Filipe Pacheco and Paula Sambo – Bloomberg Business, 4/27/2015
Brazil’s real rose for a fifth straight day amid speculation the central bank will raise borrowing costs by another half-percentage point this week, making local assets more attractive to international investors.
The real gained 1.2 percent to 2.9170 per dollar at the end of trade in Sao Paulo, an eight-week high. The rally that began April 20 is the longest since June 2014.
Buying the real with borrowed dollars has returned 11 percent this month, the most among the 31 major currencies tracked by Bloomberg after the ruble. The real climbed Monday as analysts forecast that Brazil will lift the target lending rate on April 29 by 50 basis points for a fourth straight meeting to curb above-target inflation. The Federal Reserve, meanwhile, is expected to hold borrowing costs steady that day as U.S. economic growth shows signs of slowing.
Ilan Goldfajn – Financial Times, 4/21/2015
I have just returned from abroad.
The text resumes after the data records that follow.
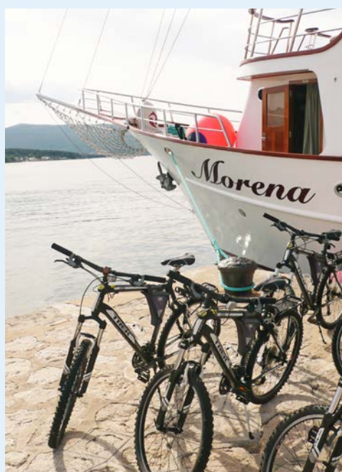
Die Räder stehen für Ihre Radtour bereit
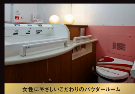
女性にやさしいこだわりのパウダールーム
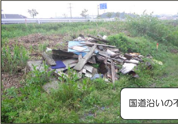
国道沿いの不法投棄の様子です
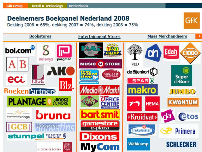
Figuur 1 Deelnemers boekpanel GfK

Sinds begin 2007 worden de daadwerkelijk via kassa en internet verkochte (algemene) boeken in kaart gebracht door onderzoeksbureau GfK in opdracht van Stichting Marktonderzoek Boekenvak (SMB). GfK volgt wekelijks de absolute verkopen in drie kanalen: boekhandel, muziekwinkels en overig (supermarkt, benzinestations, warenhuizen, drogisterij).
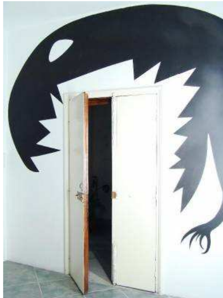
Cosmesi - Ghostrack - 2010 - courtesy NotGallery, Napoli 2010
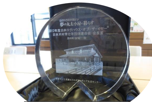
受賞記念クリスタル盾

ログ材に国産スギを使い、落ち着いた和風の建物になっています。国産材の積極的な使用と町並みに溶け込むデザイン性の高さ、木材建築の中でも特殊といえる構造をもつログハウスでの公共施設建
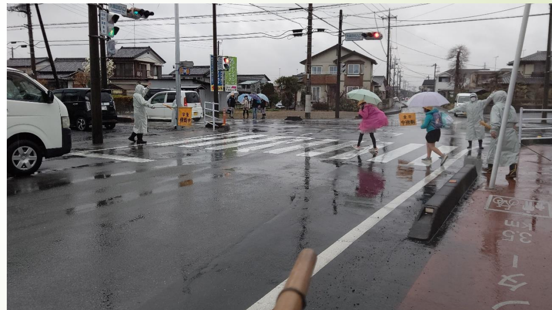
矢場団地入口の信号

It felt like déjà vu from a distant past. Explaining Brazil has become complex again. “I read about corruption accusations, popular protests, deficits and crises; what is happening in Brazil?” I was asked by an important investor. The answer inevitably tends to be long and full of Buts and Ifs.
Nevertheless, I will make an effort to summarize it here in a straightforward way. Brazil did not invest enough during the favorable commodity cycle. Policymakers did not recognize the end of the cycle in time. When they did, they tried to go back to a past that no longer existed. Now, Brazil must adjust everything at once to avoid a worse crisis. But markets are dynamic: with the recent depreciation of the real, there are already investors looking for opportunities. That is the reason Brazilian assets rebounded lately.
All Latin American economies – from Argentina and Venezuela to Chile and Peru – are experiencing declining growth. This is a sign of a common factor: the end of the favourable global cycle of commodity boom and growth in China and abundant capital flows to emerging markets. Corruption accusations and investigations are surfacing in many Latam countries such as Brazil and Mexico, but also in Chile, which signals that even the tolerance to such deviations is cyclical.
Walter Brandimarte – Reuters, 4/17/2015
Some investors are carefully betting that the recent selloff in Brazilian financial markets was overdone, pointing to signs that inflation is slowing and the government is getting its finances in order.
Many expect inflation will come down from its current 11-year high of 8.13 percent, thanks to the central bank’s interest rate hike cycle of 1.75 percentage points since October, as well as the economic slump’s effect on demand.
Meanwhile, state-run oil company Petrobras is expected to this month post financial statements that have been delayed by a huge corruption scandal, greatly reducing the risk of a major debt crisis that could have cost Brazil its investment grade credit rating.
Jeffrey T. Lewis and Rogerio Jelmayer – The Wall Street Journal, 3/27/2015
Brazil’s economy posted in 2014 its worst performance by far under President Dilma Rousseff’s administration, a blow to her prestige as her government works to regain credibility with markets and pass an austerity program through Congress.
The country’s gross domestic product grew just 0.1% in 2014 from 2013, and expanded 0.3% in the fourth quarter from the third, Brazil’s statistics agency said Friday. GDP shrank 0.2% in the fourth quarter of 2014 from the same period a year earlier.
The agency changed the way it calculates GDP starting in the fourth quarter, including activities such as investment in research and development for the first time, to bring the methodology more in line with international standards.